あの日青柳に放り投げた仕事は次の朝には問題なく終わっていた。
『暇な時ならやってもいいけど』と本人が言ったから、あれ以来青柳がやった方がよさそうな案件は早々に投げることにしている。今のところは気が変わることも放り出すこともなく仕事をしてるから、かなり効率が良くなった。
この分なら月草も休憩時間中くらいは仕事をせずに休めそうだ。
*
「それにしても、何とかなりませんかねあのお二人は」
「何がだ?」
「次代は初手プロポーズしてますし、妻紅の影響で恋愛を気持ち悪いものとして認識してますから『好き』や『愛してる』なんていう言葉も出てこないんですよね。
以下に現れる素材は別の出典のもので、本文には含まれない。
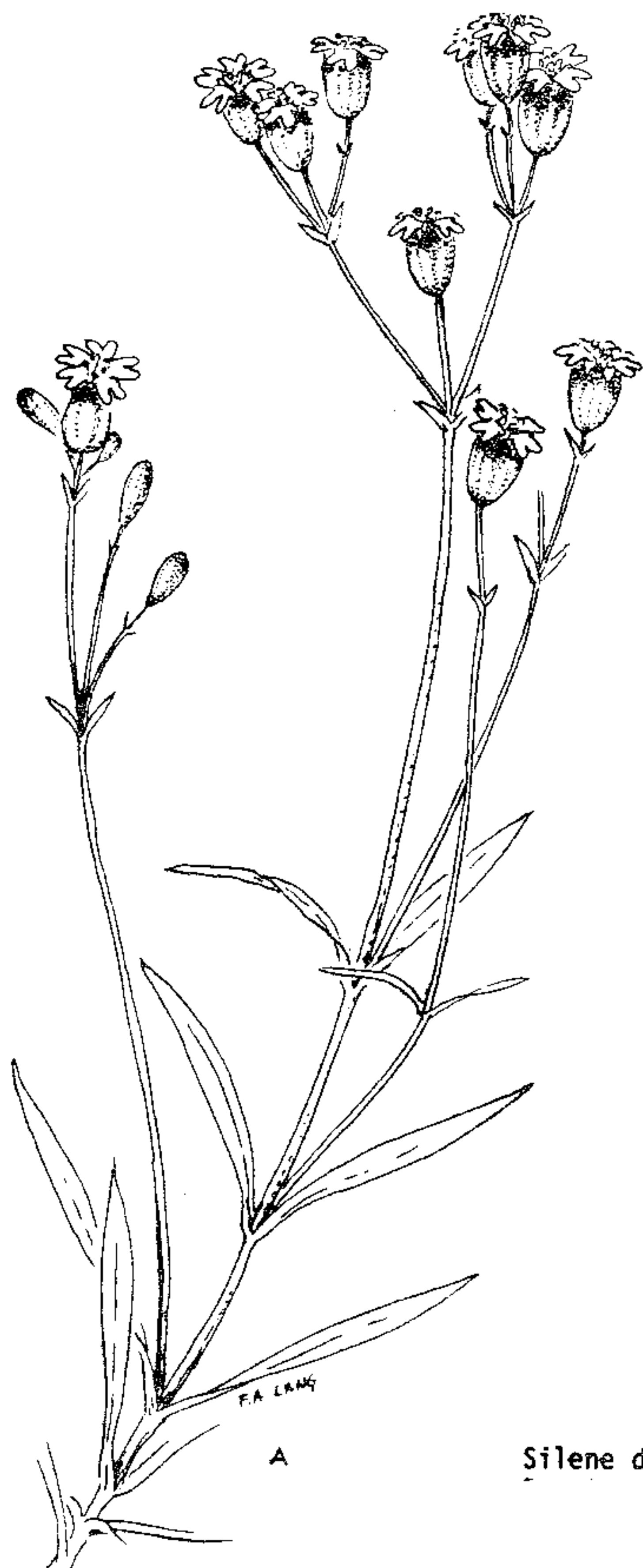
A Silene douglasii var. oraria .

彼女は彼女で次代の気持ちにはおそらく気づいているのになかったことにしようとしてますし。……せめてあの完全誓言がなければ少しは状況も変わるんでしょうけど」
「殺さないし殺させないってやつか?つっても触ろうとしただけで誓言のペナルティーが働いてんだから、完全誓言がなきゃ今頃あいつ死んでるんじゃねえの?」
「……それが違うんですよ。次代は確かに力は強いですが、意識しさえすれば力を制御できるんです。
あんなに注意して、気を使って、それでも誓言のペナルティーが発動するなんておかしいんです。次代自身も気づいているようですが、何者かが誓言を書き換えたとしか思えません。
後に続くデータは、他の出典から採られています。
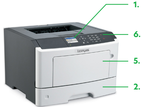
M1140+ or M1145 with 6 cm (2.4-inch) LCD display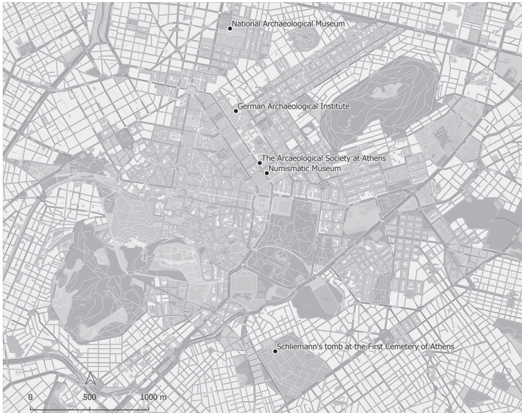
Fig. 1. Locations mentioned in the text. (Map by authors in QGIS using Stamen basemap.)

of his wife, Sophia (fig. 2), and of Greek archaeologist Christos Tsountas, is exhibited in the corridor by the main entrance.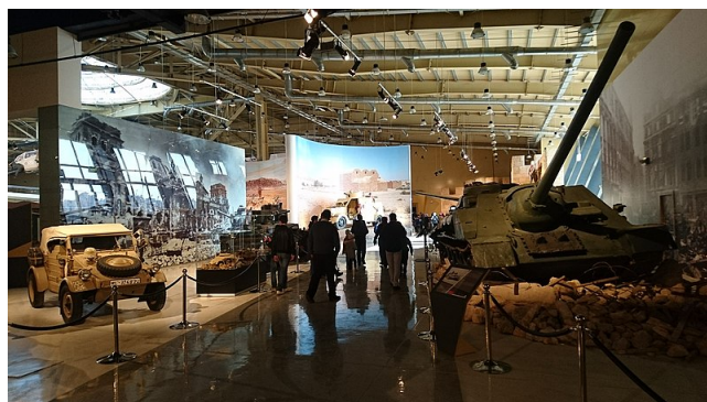
Royal Tank - Museum of Jordan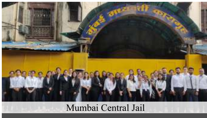
Mumbai Central Jail

ですが、そんなことをできる力がある者に心当たりも、ましてなぜ次代の誓言に手出しをしてきたのかの理由も全くわからないんです」
今まで調べてきましたが、それらしい能力を持つ人間も見つけられていないんですよ、と月草が悔しそうに言う。
……だけど多分それって、あれだよな。
「多分おれ知ってるぜ」
「は?」
「図書室にヤバいやつがいるんだよ。あいつが誓言受けた後に一人でふらふらしてたから図書室に連れてったんだけど、誓言に何かしたとしたらその時だろ」
「ヤバいやつってなんですそれ」
「知らねえの?白と黒の髪したヤバい気配の司書?先生?……なんかそういうの」
「知りません……。そもそも図書室なんて行く機会もありませんし。そもそも黒と白の髪って何ですか。ありえませんよ。そんなもの昔話で語られる異人ですよ?」
「そもそもその異人って何なんだよ」
「知らないんですか?この世界の誕生とともに生まれたと言われる不老不死の存在ですよ。見つけたら幸運が訪れるとも願いをかなえてくれるとも言われています。……まあ、実際に見た人はいませんし、お話の中だけの存在ですけどね。
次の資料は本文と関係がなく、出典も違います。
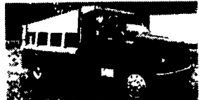
94 CHEV KODIAK DUMP 10 ft Dump Body, 3116 CAT, 6-spd, A/C 25,700 GVW, 41,000 Miles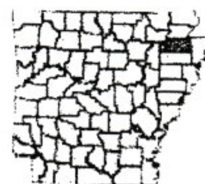
Location of Bay in Craighead County, Arkansas.

Coordinates: 35°44′43″N 90°33′46″W ﻿ / ﻿ 35.745278°N 90.562778°W ﻿ / 35.745278; -90.562778

その異人が黒と白の髪をしてるんです。現実では突然変異しても黒しか生まれませんし、相反する色を持つ人間なんてありえないんですよ」
実在すると思っているのなんて幼い子供くらいですよと月草は話を締めくくった。
「明日にでも行ってみるか?正直おれは関わりたくないけど」
……いないっつっても実際いるしな。
だけどこの感じだったら実物見るまで信じないだろう。
「え?ええいいですよ。昼休みにでも行ってみましょう」
全然信じてないな。だけどまあ、付き合う意思はあるらしい。
「じゃあまた明日な」
「はい。また明日」
いつも通り話して、それぞれの寮に帰る。
この時のおれたちは、まさか明日あんなことが起こるなんて思ってもいなかった。